═══ DATA PROVIDED
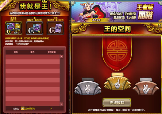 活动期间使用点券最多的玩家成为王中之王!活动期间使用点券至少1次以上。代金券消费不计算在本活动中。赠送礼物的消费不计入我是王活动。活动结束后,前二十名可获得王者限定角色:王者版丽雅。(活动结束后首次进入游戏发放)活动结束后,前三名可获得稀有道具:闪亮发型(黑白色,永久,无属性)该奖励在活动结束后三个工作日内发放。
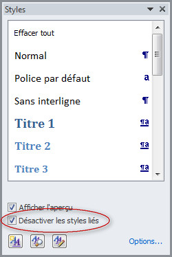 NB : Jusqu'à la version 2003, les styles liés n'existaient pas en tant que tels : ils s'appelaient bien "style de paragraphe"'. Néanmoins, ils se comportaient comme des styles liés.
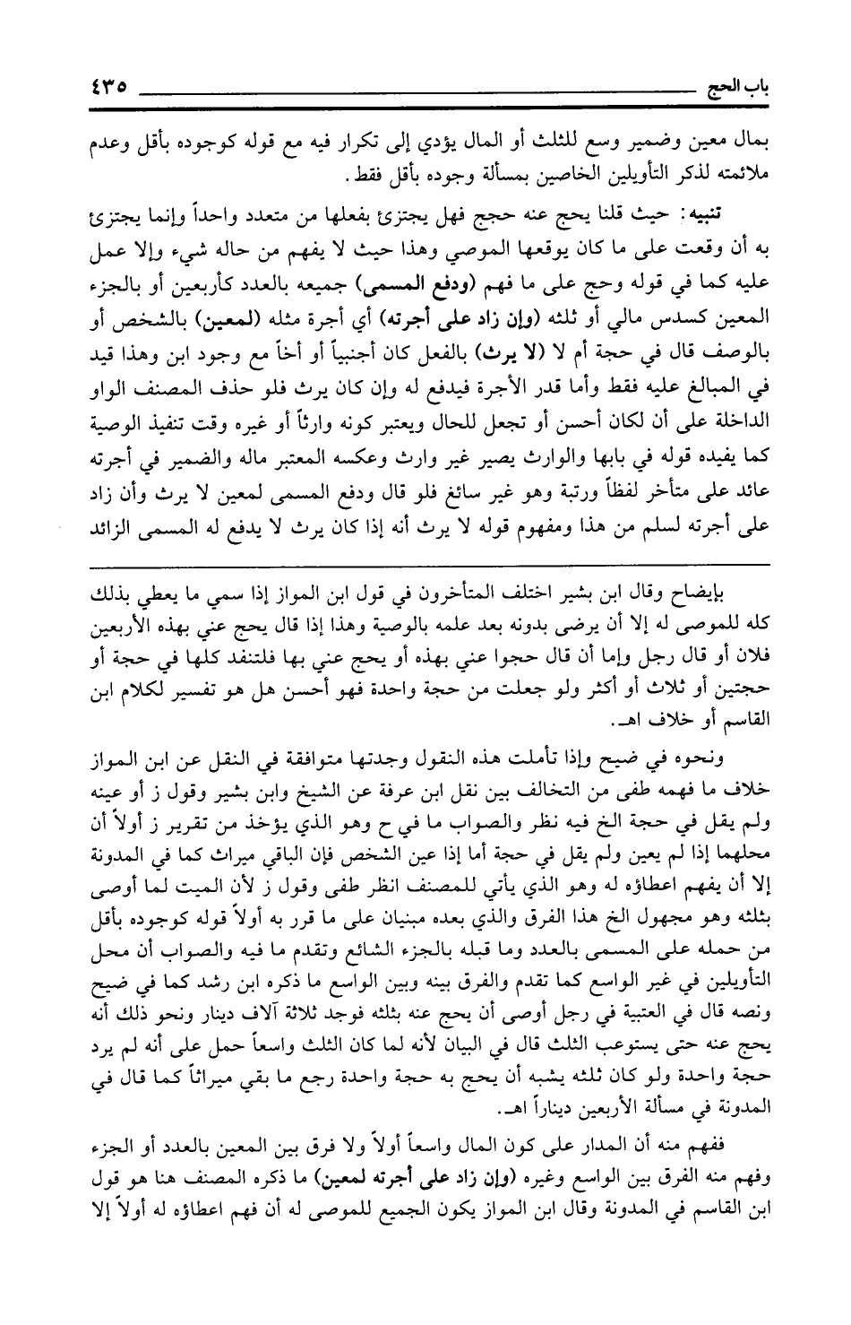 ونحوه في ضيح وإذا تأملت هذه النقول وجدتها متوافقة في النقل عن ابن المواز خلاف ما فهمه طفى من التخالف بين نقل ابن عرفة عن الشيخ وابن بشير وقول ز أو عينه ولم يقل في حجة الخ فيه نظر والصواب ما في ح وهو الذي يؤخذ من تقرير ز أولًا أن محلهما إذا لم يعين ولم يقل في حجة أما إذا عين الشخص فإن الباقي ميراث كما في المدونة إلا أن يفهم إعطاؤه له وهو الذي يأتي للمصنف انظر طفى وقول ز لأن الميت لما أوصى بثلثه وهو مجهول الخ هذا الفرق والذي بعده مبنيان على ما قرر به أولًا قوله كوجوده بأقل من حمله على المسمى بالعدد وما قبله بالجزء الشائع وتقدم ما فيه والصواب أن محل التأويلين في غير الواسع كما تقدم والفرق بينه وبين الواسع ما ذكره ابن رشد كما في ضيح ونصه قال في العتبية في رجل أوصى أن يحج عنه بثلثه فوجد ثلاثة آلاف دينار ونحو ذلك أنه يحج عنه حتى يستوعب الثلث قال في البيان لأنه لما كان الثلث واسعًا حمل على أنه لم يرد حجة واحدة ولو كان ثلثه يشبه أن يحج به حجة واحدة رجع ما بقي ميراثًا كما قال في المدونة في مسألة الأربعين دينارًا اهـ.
══════
TASK GOAL
Copy nothing but the lines from the first one in the listing through the line with "NB : Jusqu'à", and omit the pictures.

TASK OUTPUT
 活动期间使用点券最多的玩家成为王中之王!活动期间使用点券至少1次以上。代金券消费不计算在本活动中。赠送礼物的消费不计入我是王活动。活动结束后,前二十名可获得王者限定角色:王者版丽雅。(活动结束后首次进入游戏发放)活动结束后,前三名可获得稀有道具:闪亮发型(黑白色,永久,无属性)该奖励在活动结束后三个工作日内发放。
 NB : Jusqu'à la version 2003, les styles liés n'existaient pas en tant que tels : ils s'appelaient bien "style de paragraphe"'. Néanmoins, ils se comportaient comme des styles liés.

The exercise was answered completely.